# [DATA BLOCK]
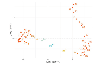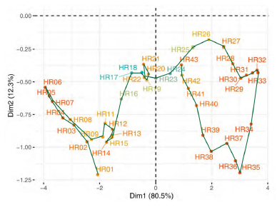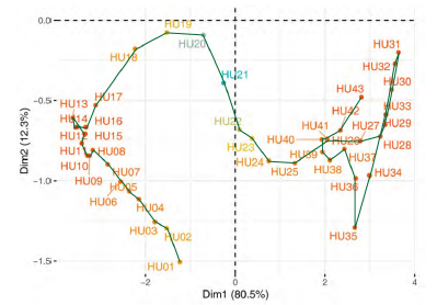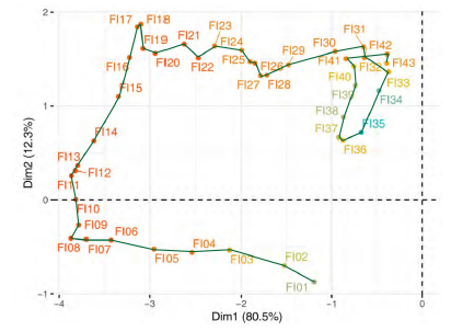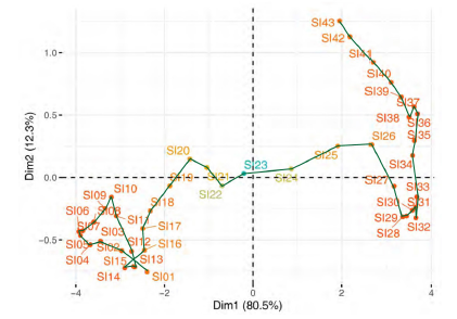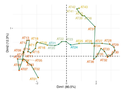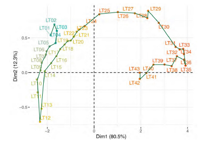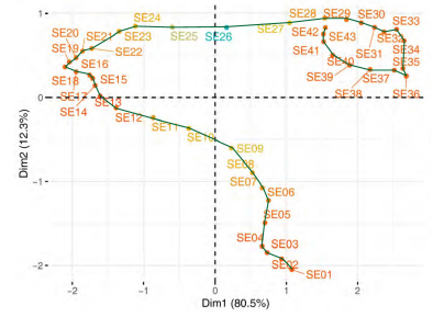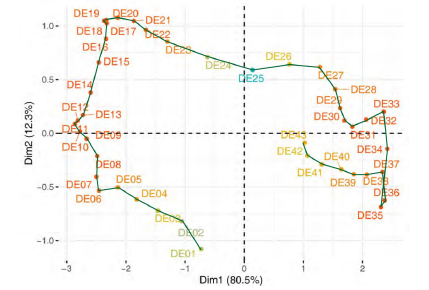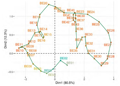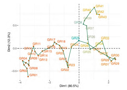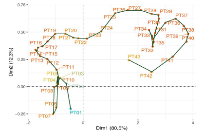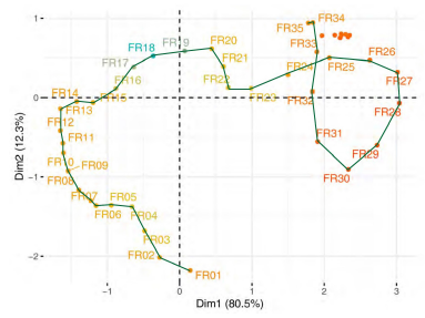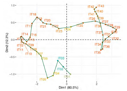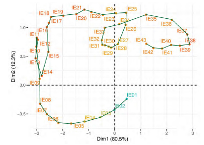 The second step of this multivariate three-way data analysis provides a common space of joint representation of the 43 time periods (intrastructure), based on an optimised criterion (compromise), which maximises the global projected inertia. This makes it possible to characterise the projection space to represent the pandemic trajectory graphically for each country in relation to the global mean rank behaviour in relation to the centre of gravity of the joint table.
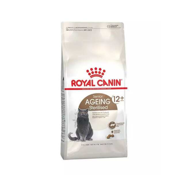 Alimento COMPLETO ed equilibrato per gatti anziani sterilizzati con oltre 12 anni di età.
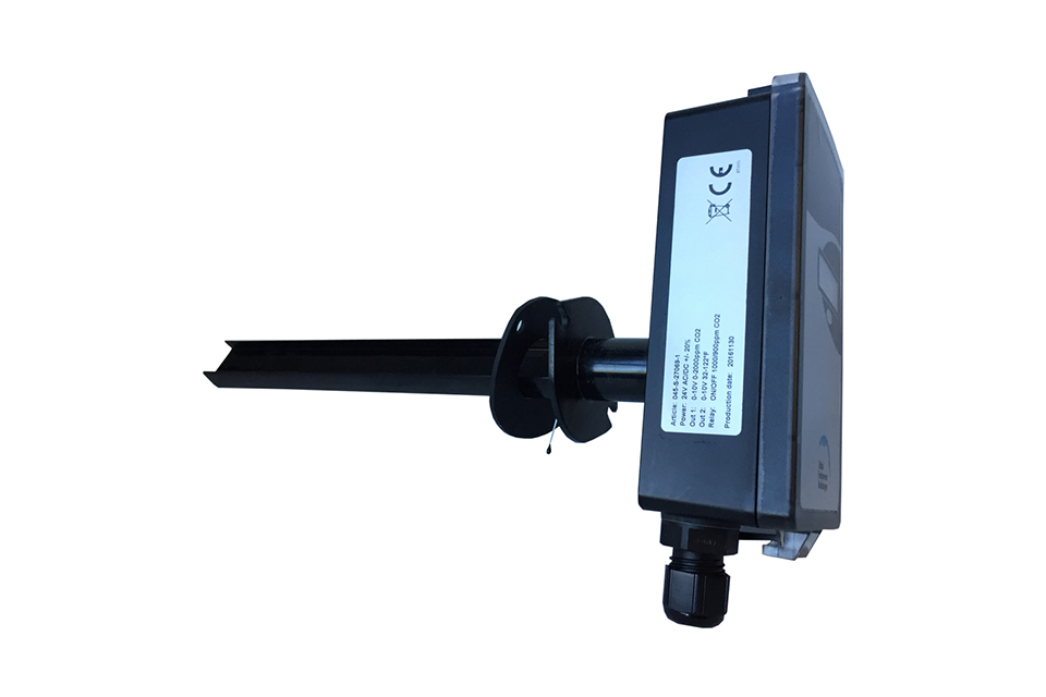 Infrared Carbon dioxide Modbus® gas detector with a 0 – 2,000 ppm measurement range housed in a water tight, duct style enclosure for mounting in ventilation ducts
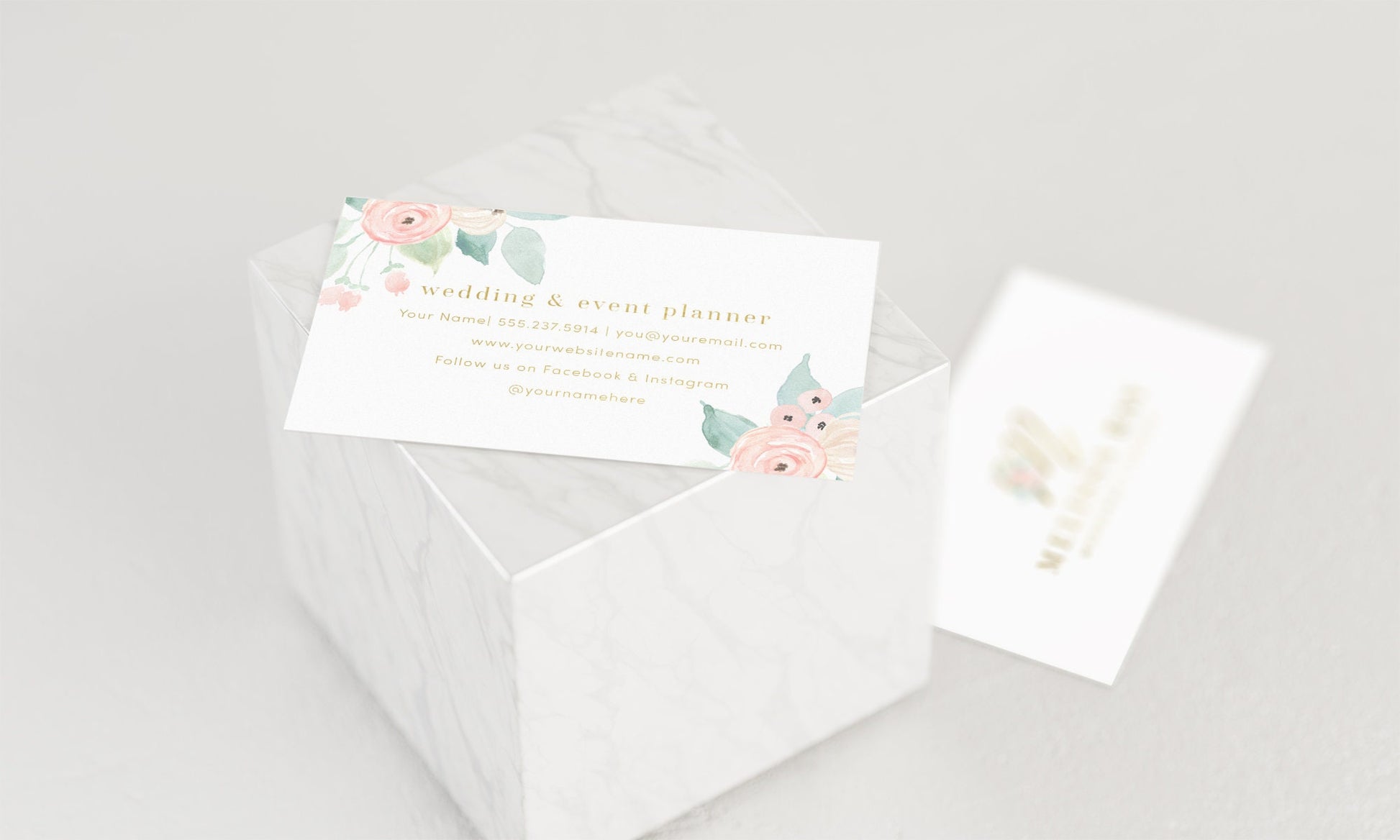 This premade business card design in a preppy watercolor floral monogram style is a quick and affordable way to print out fresh, new business cards either at home or online!

# [ACTIVITY]
Everything in the data except the pictures must appear in your answer unchanged.

# [ANSWER AREA]
 The second step of this multivariate three-way data analysis provides a common space of joint representation of the 43 time periods (intrastructure), based on an optimised criterion (compromise), which maximises the global projected inertia. This makes it possible to characterise the projection space to represent the pandemic trajectory graphically for each country in relation to the global mean rank behaviour in relation to the centre of gravity of the joint table.
 Alimento COMPLETO ed equilibrato per gatti anziani sterilizzati con oltre 12 anni di età.
 Infrared Carbon dioxide Modbus® gas detector with a 0 – 2,000 ppm measurement range housed in a water tight, duct style enclosure for mounting in ventilation ducts
 This premade business card design in a preppy watercolor floral monogram style is a quick and affordable way to print out fresh, new business cards either at home or online!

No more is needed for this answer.